Bref, comme le dit Luc Oursel, tout était réglé, ou presque et le Président du Niger s’est dit prêt à signer un accord reflétant ces discussions dès qu’Areva lui en ferait parvenir le texte.

Double jeu

Curieusement, cela n’a pas été le cas. Au contraire, le bouillant ministre des Mines, Omar Hamidou Tchiana, présent à la discussion, a renvoyé un autre texte, formulant d’autres exigences et bloquant à nouveau le processus. Perplexité d’Areva, où l’on croyait qu’une parole de Président mettait un terme aux débats. Tchiana jouait-il une partition en solo ? C’est peu vraisemblable. Il est loyal au Président de la République et entièrement dépendant de lui politiquement depuis qu’il a abandonné son parrain politique, Hama Amadou, l’été dernier, pour se rallier directement aux socialistes. Double jeu du Président Issoufou ? C’est possible, tant la question est politiquement sensible, et ce, quelle que soit l’issue des discussions. Areva est diabolisée au Niger, après une virulente campagne de la société civile nigérienne largement encouragée par le pouvoir. La société française est aussi un héritage de la colonisation et le Président Issoufou essaye de faire oublier ses relations privilégiées avec la France, en tant qu’ancien élève de l’école des Mines de Saint-Etienne, ancien cadre minier d’Areva, ex-directeur des Mines du pays et souvent utilisé dans des négociations entre les deux parties alors même qu’il était encore opposant politique.

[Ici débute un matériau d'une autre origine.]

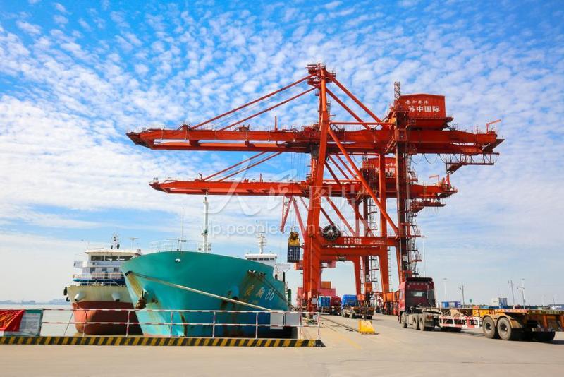 2021年4月5日,江蘇省如皋港,蘇中國際集裝箱碼頭港口機械正在吊裝物資。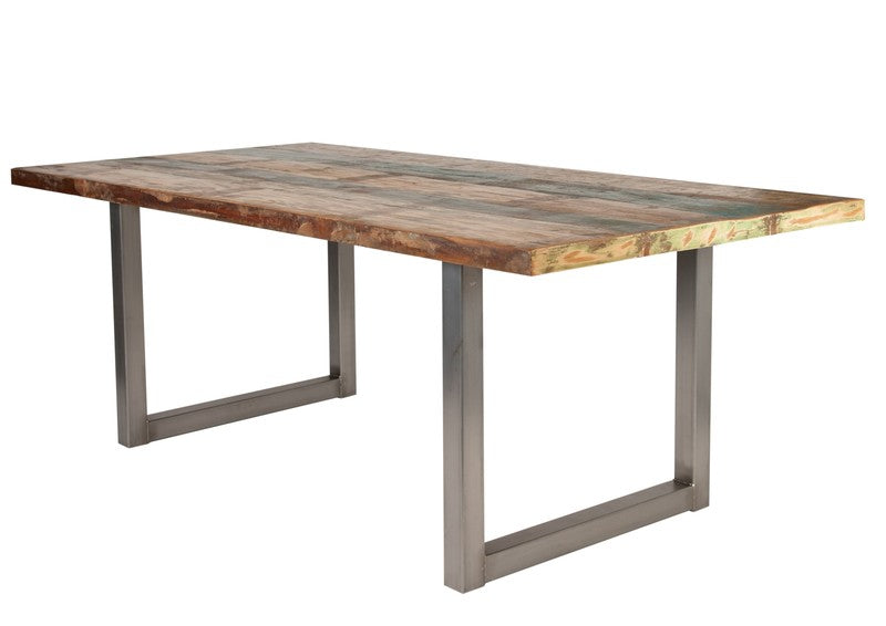 Die Tischplatte ist aus massivem Altholz bunt lackiert. Das Gestell ist aus Stahl und antiksilber.

Peu versée dans les subtilités de la politique nigérienne, Areva commence à se lasser. D’une négociation qui ne finit pas. De ne plus gagner d’argent au Niger. D’être sans défense devant une insécurité terroriste manifeste, qui lui a déjà coûté sept otages (Areva et Satom) enlevés en septembre 2010 et heureusement libérés depuis, et une attaque à la voiture suicide contre un site d’Arlit, en mai dernier (un mort), pendant que les sentinelles de l’armée nigérienne supposées assurer la sécurité … dormaient dans leurs lits. Enfin, Areva ne supporte plus d’être huée, accusée d’empoisonner et d’irradier les travailleurs nigériens, de voler le Niger, bref, d’être l’incarnation de Satan. Pendant que les contreparties versées par ses concurrents chinois à l’Etat du Niger restent secret défense…

Dernier round

Deux semaines avant son arrivée, le 27 avril, Olivier Wantz a demandé un rendez-vous au ministre des Mines. Pas de réponse. In extremis, à quelques heures de son départ, le ministre lui a accordé une audience. La négociation continue.

Reste que cette marche forcée vers un accord laissera sans doute des traces. Sans la pression de François Hollande, Areva aurait peut-être choisi de quitter le Niger. Cette option a été sérieusement envisagée et chiffrée. Areva n’avait besoin que de quelques jours pour faire face à une rupture de l’uranium du Niger. Il y a d’autres mines, d’autres sources et d’autres pays désormais où se fournir. Lorsque Somaïr et Cominak se seront éteintes, dans quelques années, où en sera le chantier géant d’Imouraren, dans une région septentrionale inhospitalière à tous égards et où seuls les Chinois acceptent désormais de travailler ?

Un accord sera sans doute signé, à grand bruit, dans les prochains mois. Mais ce sera peut-être le linceul de l’histoire minière franco-nigérienne.